O Delegado de Polícia
Como é sabido, a atribuição para instaurar o inquérito policial é do Delegado de Polícia (art. 5º do Código de Processo Penal). Entretanto, o procedimento jamais poderá ser arquivado exclusivamente na Delegacia, dependendo de requerimento do Ministério Público e decisão judicial.
É necessário questionar por quais motivos o Delegado não poderia ter mais “poder” ou liberdade na fase inquisitorial.
Ao contrário do que se imagina, não se deve confundir o aumento das possibilidades da autoridade policial com a ocorrência de arbitrariedades. Um Delegado que tivesse permissão legal para avaliar mais seriamente a presença dos elementos do crime poderia concretizar a tese de que o Direito Penal deve ser utilizado como “ultima ratio” na proteção de um bem jurídico.
A liberdade para aplicar o princípio da insignificância
Vejamos um exemplo: se uma pessoa vai à Delegacia e narra que outro indivíduo lhe deve algum valor, o Delegado, observando que não se trata de estelionato ou apropriação indébita, deixaria de instaurar um inquérito policial, considerando que o fato é atípico.
Nessa linha, por que o Delegado não poderia fazer a mesma coisa em relação ao furto de um objeto de valor insignificante? Ora, se o princípio da insignificância afasta a tipicidade da conduta, por qual motivo deveria ser instaurado um inquérito policial? Nesse diapasão, deveria ser admissível que o Delegado aplicasse o princípio da insignificância.
A concessão dessa liberdade ao Delegado evitaria que um processo fosse conduzido para que, ao final, fosse aplicado o mesmo princípio que já poderia ter sido reconhecido pela autoridade policial. Trata-se de uma interpretação que não apenas é favorável aos acusados (pois se cria mais um filtro da imputação), mas também à coletividade, porque se evita que a máquina estatal desperdice tempo e dinheiro com algo desnecessário.
O Delegado de Polícia e as excludentes de ilicitude
No mesmo sentido, seria plausível conceder à autoridade policial a permissão para aplicar as excludentes de ilicitude (art. 23 do Código Penal).
Constatando que o fato foi praticado em legítima defesa, por exemplo, a autoridade policial encerraria, desde o início, algo que, na prática, tem se arrastado até o plenário do júri, quando alguns Promotores pedem a absolvição por algo que nem precisariam ter denunciado, mas arrastaram até esse momento com o fito de criar um “capital de pedidos de absolvição” perante os jurados.
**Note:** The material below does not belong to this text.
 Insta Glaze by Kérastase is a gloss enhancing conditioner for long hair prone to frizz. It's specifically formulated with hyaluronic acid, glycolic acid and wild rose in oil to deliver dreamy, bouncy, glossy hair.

Consequências para o processo penal
Ademais, se o Delegado tivesse maior margem de atuação para aplicar as excludentes de tipicidade e ilicitude, teríamos mais chances de evitar que vários réus sofressem uma “pena” decorrente da tramitação do processo penal para que, ao final, fossem absolvidos, em típica justiça tardia (leia aqui).
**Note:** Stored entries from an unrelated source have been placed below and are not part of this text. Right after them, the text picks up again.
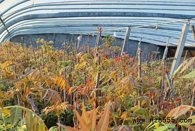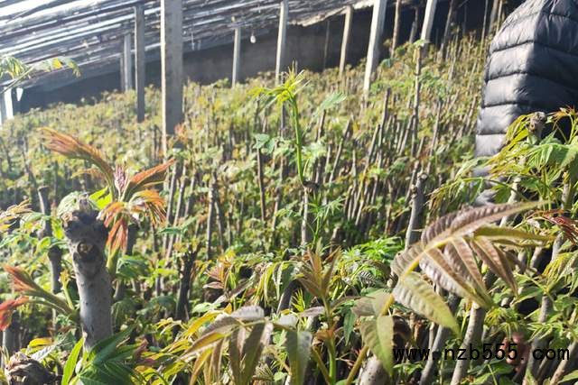 至于大棚香椿具體的種植方法,據他說,和露天種植相比,密度要大一些,每畝可種小幾萬畝的香椿苗,還要做好棚內的溫度控制,其他的管理基本上都差不多,一畝地大棚香椿苗,收獲6000-7000斤左右的香椿芽還是可以的,產量高的情況下,能接近上萬斤。
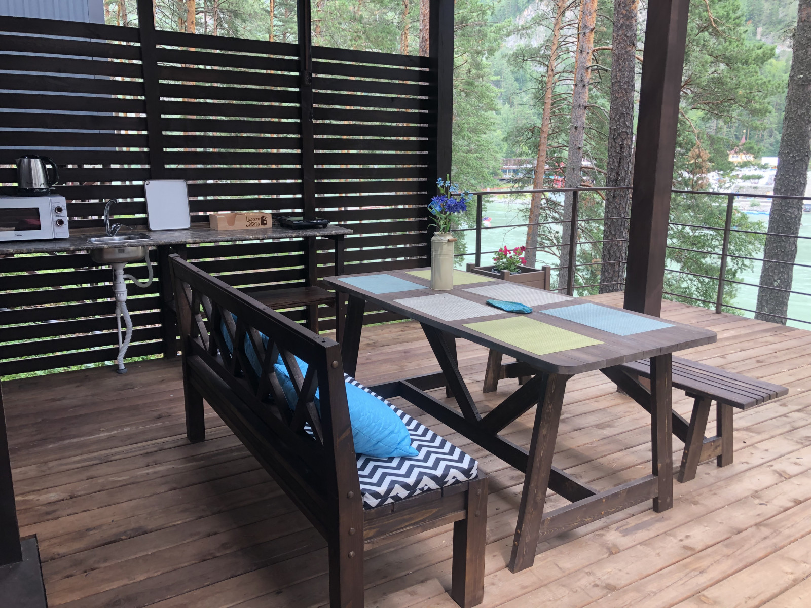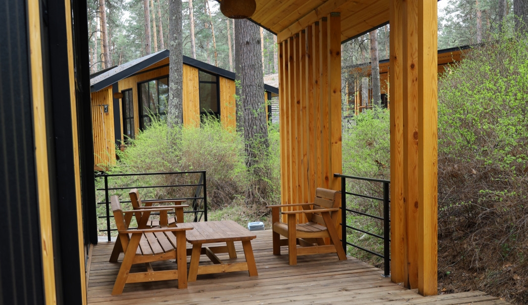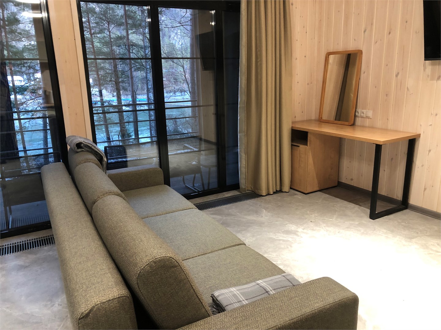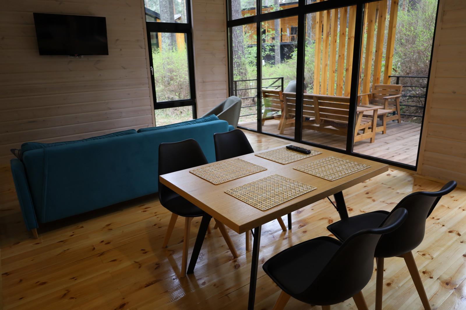 | Дом 2-местный Эко с террасой | 48 кв.м. | 2 чел. | Мебель (вешалка, диван, зеркало, кровать двуспальная, стол, стулья, шкаф), Оборудование (гладильная... |
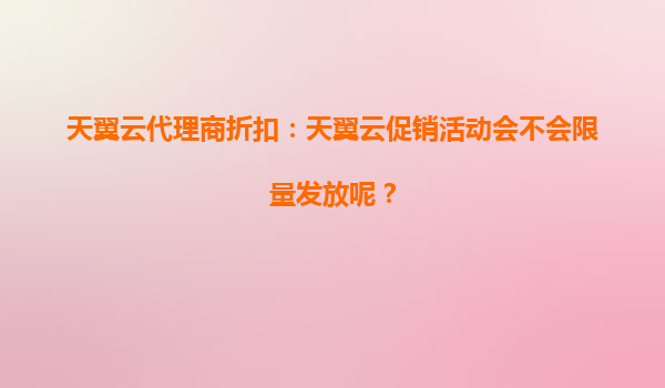 2025-09-29天翼云代理商折扣解析:促销活动是否限量?如何把握最佳合作机会 一、天翼云促销活动的限量策略分析 许多用户在关注天翼云促销活动时,最关心的问题之一就是折...

Não permitir que o Delegado de Polícia deixe de instaurar um inquérito em caso de aplicação do princípio da insignificância ou diante de uma excludente de ilicitude é exigir que alguém – que não praticou um crime – seja submetido a um inquérito policial para que, depois de alguns meses ou anos, o Promotor requeira o seu arquivamento.
É necessário impor a um inocente esse sofrimento temporal? Se um Delegado possui conhecimento jurídico suficiente para indiciar alguém, em caso de prática de um crime, por que não poderia reconhecer que não há crime e, por consequência, não instaurar o inquérito policial?